As the surrogate for general obesity, BMI is widely used to study the relationship between obesity and hyperinsulinemia. However, several evidence suggest that WHR is also a valuable choice for investigating the link between obesity and insulin, by providing additional information about abdominal adiposity disruption21, 22. In this study, we examined the impacts of obesity measures on the temporal relationship between obesity and hyperinsulinemia, and found that the effects of insulin on abdominal obesity measures, especially WHR, were stronger than the inverse effects of abdominal obesity measures, while the effect of BMI on insulin was stronger than the inverse effect of insulin. HOMA-IR and HOMA-%β shown similar patterns. Our observations indicated that abdominal obesity measures were more sensitive to insulin levels than BMI. In biochemical studies, many researchers have reported the function of insulin on inhibiting lipolysis and promoting lipid accumulation in white adipose tissue, which is widely distributed in body subcutaneous and viscera tissue15, 32. In animal models, the Ins1+/+: Ins2-/- mice were observed to exhibit a robust increase in fat-lean rate and size of adipocytes when compared to Ins1+/-: Ins2-/- mice, whose insulin secretion were suppressed by insulin genes knockout31. Similarly, in recent Page et al study, with a significant reduction in visceral fat storage and no changed lean mass, diet-induced mice obesity was reversed by a modest inhibition of circulation insulin23. Several studies also have reported the effect of insulin hypersecretion on skinfold thickness in humans16, 37. Together, these results indicate the abdominal obesity might be more susceptible to insulin levels than general obesity. To date, no studies have examined the temporal relationship between obesity and hyperinsulinemia, involving both general and abdominal obesity measures in a longitudinal cohort of Chinese adults, and underscore the impacts of multiple obesity measures on the temporal sequences between obesity and hyperinsulinemia. Furthermore, this study also shown similar temporal patterns between obesity and hyperinsulinemia by sex groups with those findings of the total sample. The path coefficients of baseline WC or WHR to follow-up HOMA-%β were significant greater in men group than in women group, but the mechanisms were still unclear.

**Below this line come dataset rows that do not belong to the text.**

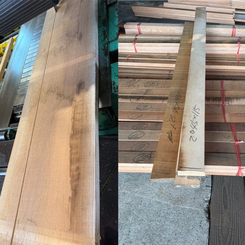 今日は、朝からスプルス4面無地材の45mm厚で2m.1.85mの木取り出荷を行い、米松材の木取りを行なっていました。最近は、日中も寒くなってきました。
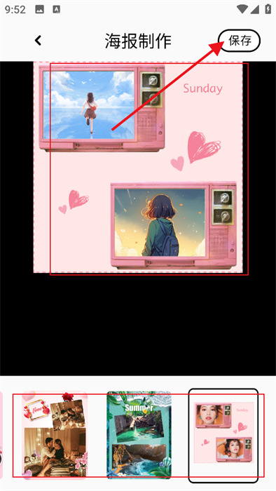 4、最后,可以在页面下方看到很多海报的模版,挑选点击并预览效果,如果很满意,可以直接点击右上方的【完成】,会自动保存到手机相册中。
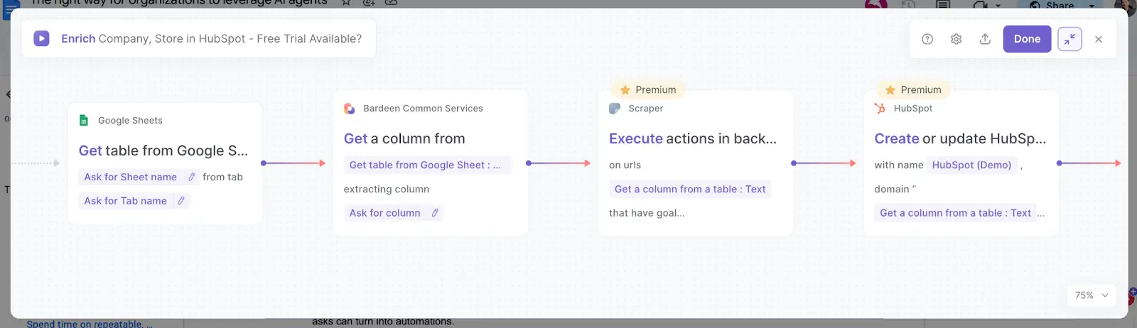 Bardeen is an automation and workflow platform designed to help GTM teams eliminate manual tasks and streamline processes. It connects and integrates with your favorite tools, enabling you to automate repetitive workflows, manage data across systems, and enhance collaboration.
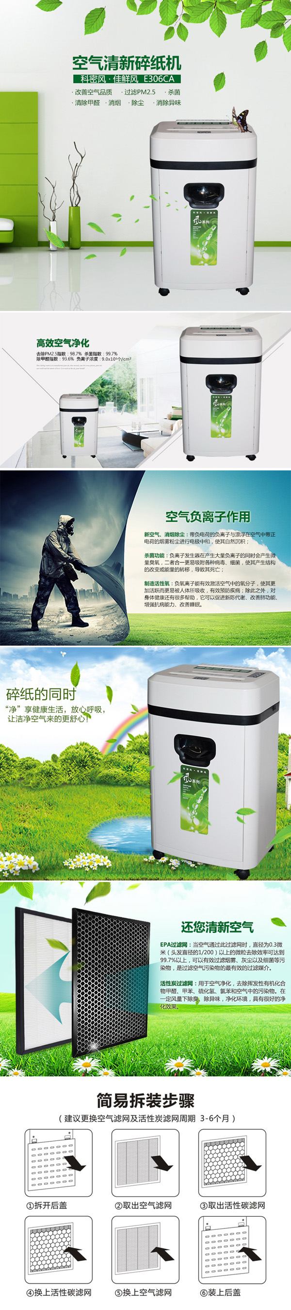 • 商品名稱:科密(Comet)碎紙機 E306CA 中型碎光盤信用卡顆粒電動靜音辦公負離子空氣凈化
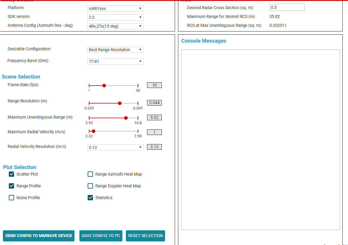 如题,按照xWR16xx的教程走到最后一步,打开可视化工具v2.1.0,选择platform之后点击发送配置,右边控制台没有任何反应,点Plots也没有数据显示(昨天还一切正常,Plots里面也能显示很多小点点和波形)。请问这是什么问题,该怎么解决呢?
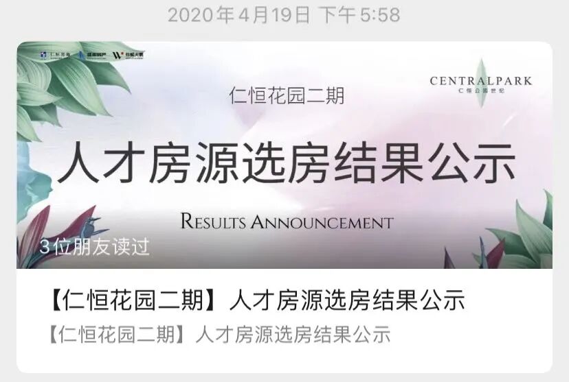 仁恒公园世纪二期取得预售许可证后,人才选房共有49组高层房源,2组洋房房源可供选择。从仁恒公布的选房结果来看,人才选房除了自行放弃,几乎达到100%的中签率!
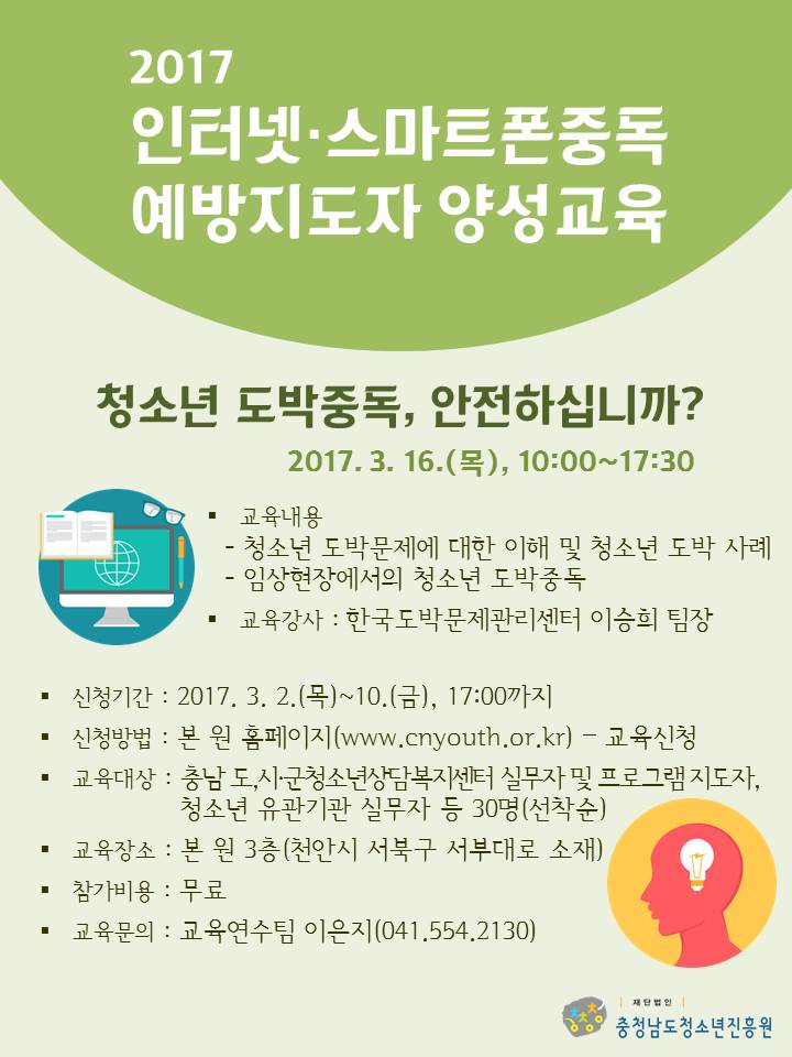 2017년 인터넷·스마트폰중독 예방지도자 양성교육 대상 2017-03-02 분야 23/30 교육기간 2017-03-16 ~ 2017-03-16 접수기간 2017-03-02 ~ 2017-03-11 장소 OFF 교육비 2017-03-11 정원 23/30 상태 마감 목록 상세내용 - 교육일시 : 2017.3.16.(목) - 신청기간 : 2017.3.2.(목) ~ 3.10.(금) 17:00까지 - 신청방법 : 본 원 홈페이지 접속 및 회원가입 → 교육신청 - 대 상 : 충남도,시군청소년상담복지센터 실무자 및 프로그램 지도자, 청소년유관기관 실무자 등 30명(선착순) - 장 소 : 본 원 3층 교육장 ※ 교육신청 선착순 확인 및 선정 후 교육대상자 개별 공지 예정 충남도,시군청소년상담복지센터 실무자 및 프로그램 지도자를 대상으로 우선 접수합니다. 문의. 교육연수팀 이은지(041.554.2130)
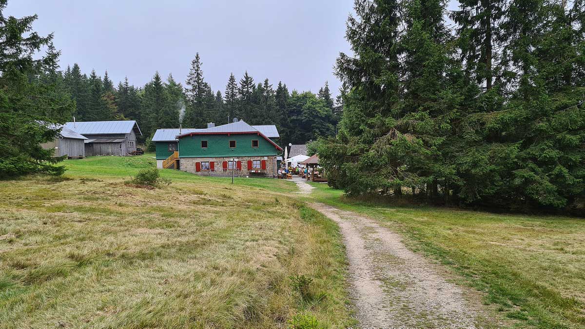 Unsere Tagestour startet dort gegen 8:40 Uhr. An der Ostseite des Schneeberges wandern wir südwärts im leichten auf und ab vorbei am Zinnschütz-Weiher bis zum südlichsten Punkt an der alten Silberhausstraße. Jetzt geht es steil bergauf bis zur Platte in 884m Seehöhe, wo wir eine kurze Rast machen. Weiter folgen wir dem Fränkischen Höhenweg bis wir nach ca. 10 km, der halben Tagestour, das „Seehaus“ unser Mittagsziel erreicht haben. Dort sind wir angemeldet und können nach Karte essen.
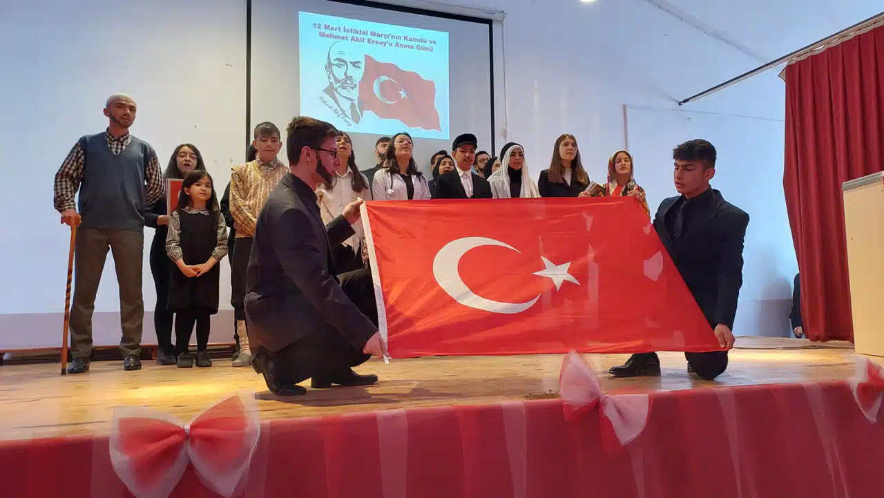 Saygı duruşunda bulunulması ve İstiklal Marşı’nın okunmasıyla başlayan programda günün anlam ve önemini belirten konuşmayı okulun Tarih Öğretmeni Fatih Hastaoğlu yaptı. Mehmet Akif Ersoy’un fikirlerini anlatan Hastaoğlu, “İnandığı gibi yaşamış, çilesini çekmediği hiçbir düşünceye eserlerinde yer vermemiştir. Yaşayışıyla duruşuyla istiklal şairi sıfatını ziyadesiyle hak etmiş bir anıt insandır” dedi.
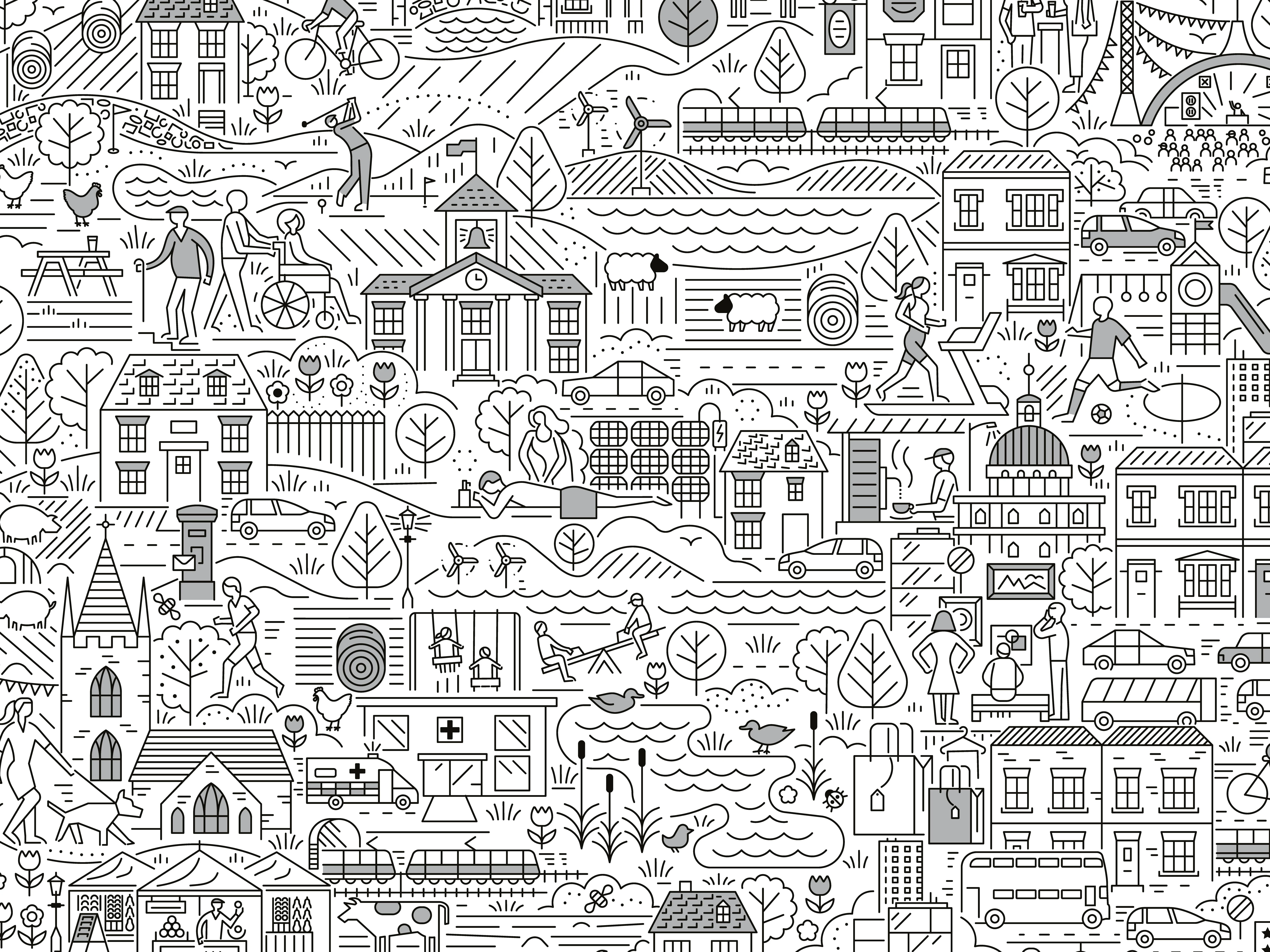 Art directed a complex area-guide template system for UK luxury estate agency Knight Frank, designed to scale across 52 city and countryside locations. Created a seamless visual language where city editions featured bespoke front-cover linework illustrations that transitioned into countryside scenes on the back, ensuring every guide felt unique while still part of one consistent family. Developed an interior illustration style with a refined, charming tone to appeal to Knight Frank’s premium demographic, maintaining strong consistency across layout, hierarchy, and production constraints.
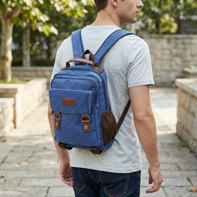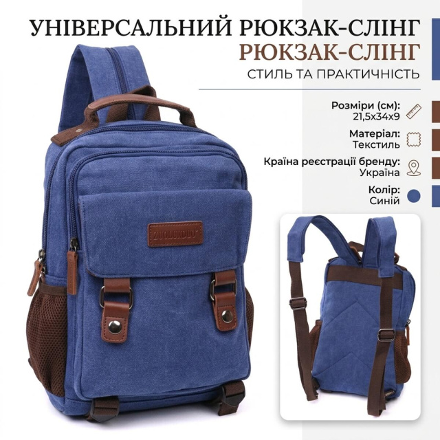 Изделие выполнено из прочного текстиля синего цвета. Материал легко стирается, неприхотлив в уходе и хорошо подходит для активного ежедневного использования. Подкладка из темно-коричневой ткани делает модель более практичной, а городской стиль позволяет легко сочетать рюкзак с повседневной одеждой.
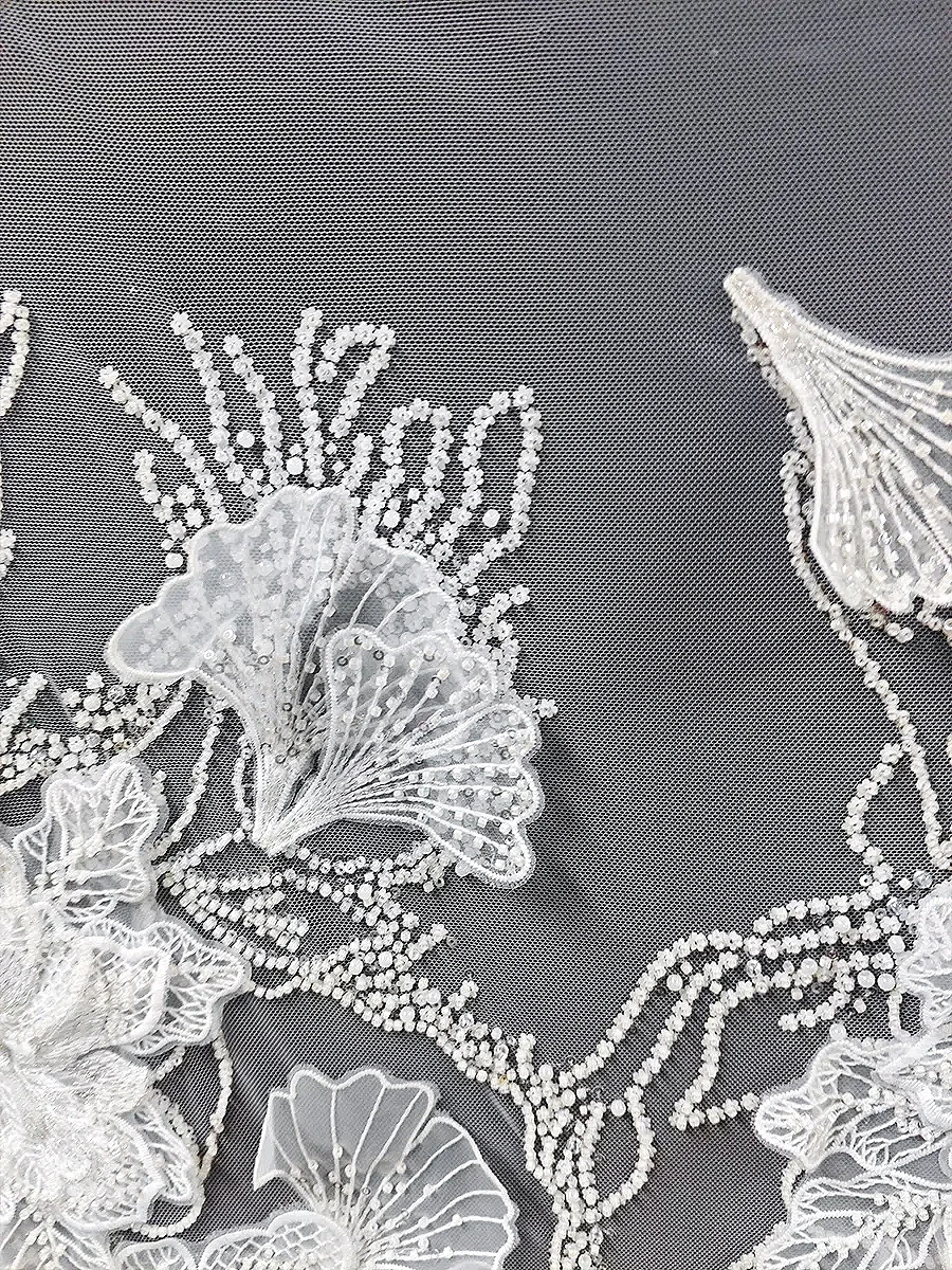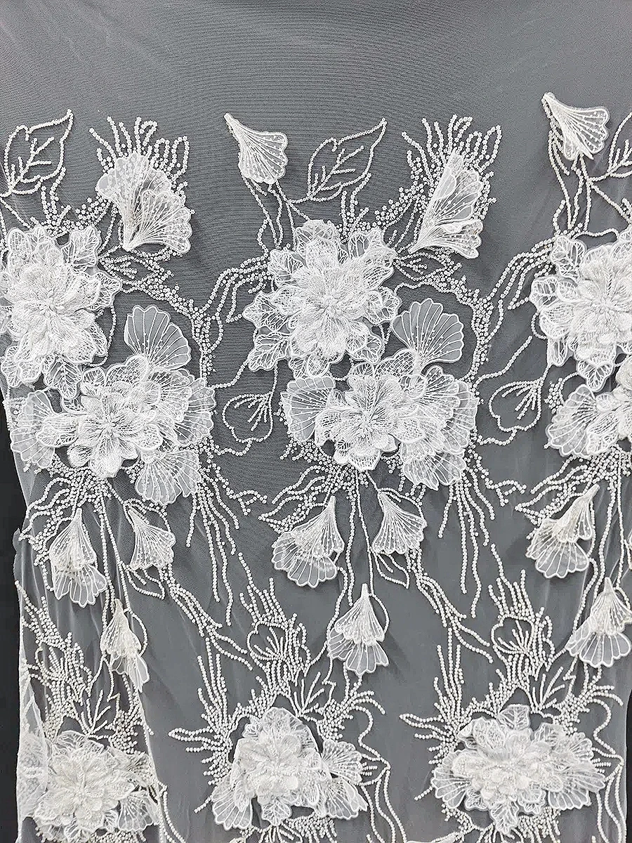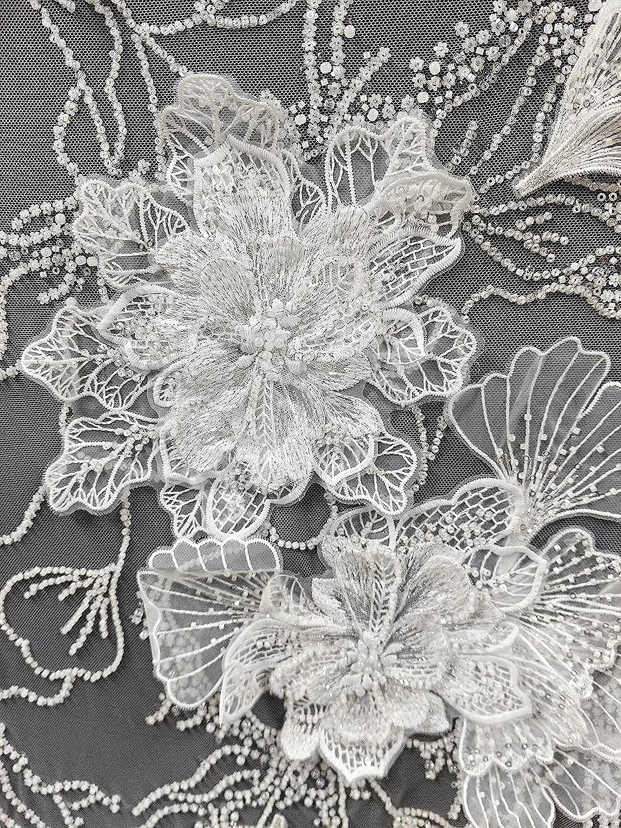 Intrincado bordado floral en 3D con encaje de hilo y delicadas cuentas.
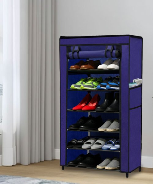 Urban Choice 6 Tier Shoe Rack with Dustproof Cover – Space Saving Footwear Organizer for Entryway, Bedroom & Closet (Blue)
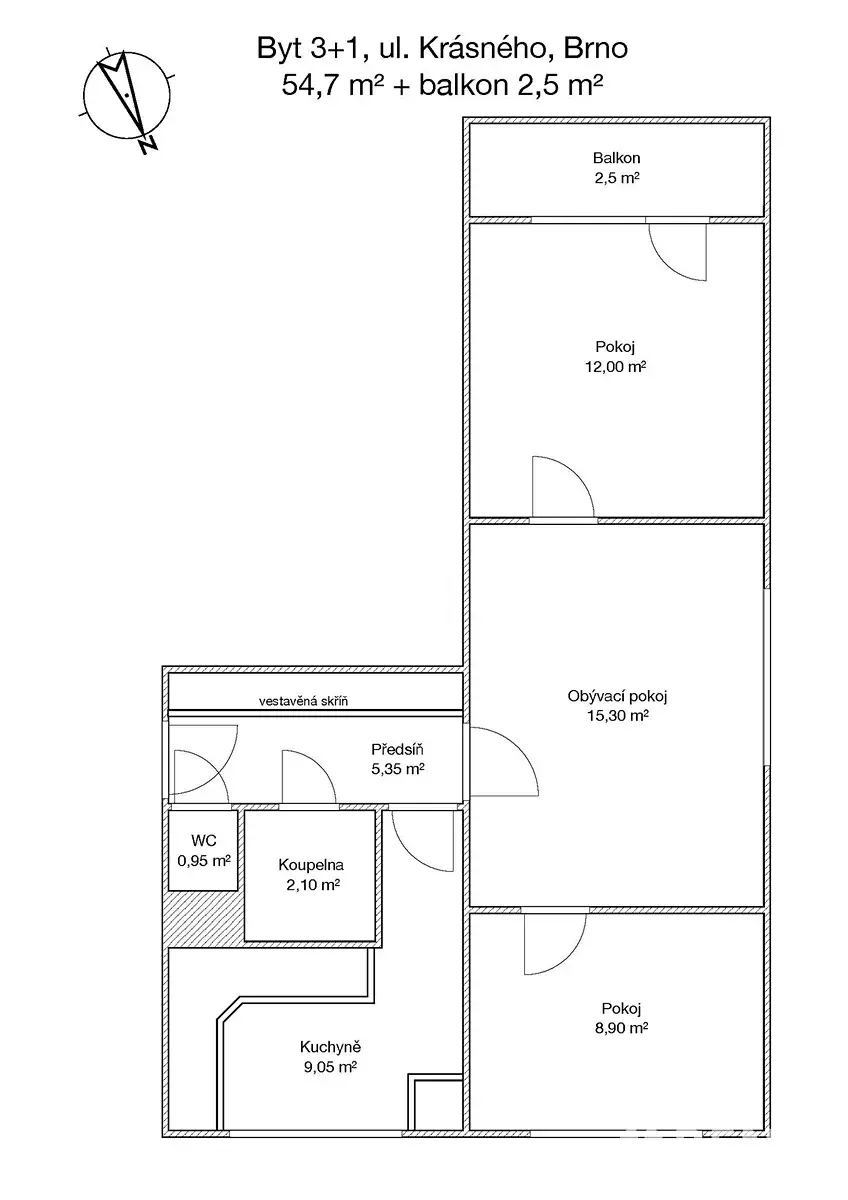 Nabízíme ke koupi byt v osobním vlastnictví o dispozici 3+1, který je umístěný ve 4. patře panelového bytového domu s výtahem na ul. Krásného v Brně - Juliánově v blízkosti lesoparku Bílá hora. Celková podlahová plocha bytu včetně příslušenství činí 54,7 m2 + balkon 2,5 m2. K bytu náleží sklepní box a dále je možné využívat společnou kolárnu a sušárnu v přízemí domu.
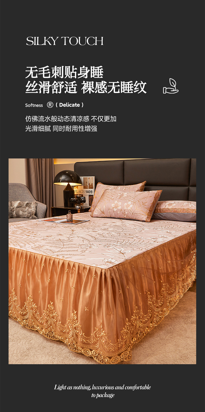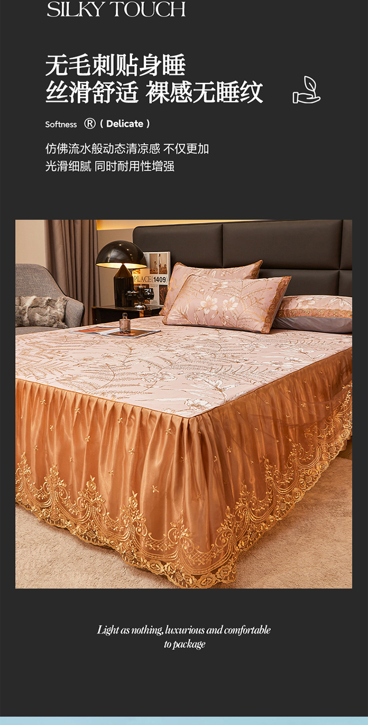 罗艺轩 2024新款欧式色织大提花床裙凉席 春语

The major strength of this study was the use of cross-lagged panel analysis, which is a powerful method for dissecting the temporal sequences between inter-correlated variables. Another advantage is that we included all the general and abdominal obesity measures in one study and examine their impacts on the temporal sequences between obesity and hyperinsulinemia at the same time. There were some limitations of this study also need to be noted. Firstly, the definition of diabetes and drug information were only according to the health questionnaires. The potential mission of disease and treatment information might exist. Secondly, this study only recruited Chinese adults. These findings of our study may not be generalizable to other ethnic populations.